Cardiopulmonary arrest and/or sudden death occurred in 4 (2%) of 208 patients with squamous cell carcinoma of the head and neck treated with radiation therapy and ERBITUX, as compared to none of 212 patients treated with radiation therapy alone. Fatal events occurred within 1 to 43 days after the last ERBITUX treatment. Carefully consider the use of ERBITUX in combination with radiation therapy in head and neck cancer patients with a history of coronary artery disease, congestive heart failure or arrhythmias in light of these risks. Closely monitor serum electrolytes including serum magnesium, potassium, and calcium during and after ERBITUX therapy.
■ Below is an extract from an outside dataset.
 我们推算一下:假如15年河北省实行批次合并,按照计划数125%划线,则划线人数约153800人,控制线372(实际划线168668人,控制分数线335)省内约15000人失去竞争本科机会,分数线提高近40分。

Interstitial lung disease (ILD), which was fatal in one case, occurred in 4 of 1570 (<0.5%) patients receiving ERBITUX in clinical trials. Interrupt ERBITUX for acute onset or worsening of pulmonary symptoms. Permanently discontinue ERBITUX where ILD is confirmed.
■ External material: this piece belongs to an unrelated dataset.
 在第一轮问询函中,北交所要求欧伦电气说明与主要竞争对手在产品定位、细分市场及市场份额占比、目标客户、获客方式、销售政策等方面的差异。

In clinical studies of ERBITUX, dermatologic toxicities, including acneform rash, skin drying and fissuring, paronychial inflammation, infectious sequelae (eg, S. aureus sepsis, abscess formation, cellulitis, blepharitis, cheilitis), and hypertrichosis, occurred in patients receiving ERBITUX therapy. Acneform rash occurred in 76-88% of 1373 patients receiving ERBITUX in clinical trials. Severe acneform rash occurred in 1-17% of patients. Acneform rash usually developed within the first two weeks of therapy and resolved in a majority of the patients after cessation of treatment, although in nearly half, the event continued beyond 28 days. Monitor patients receiving ERBITUX for dermatologic toxicities and infectious sequelae. Sun exposure may exacerbate these effects.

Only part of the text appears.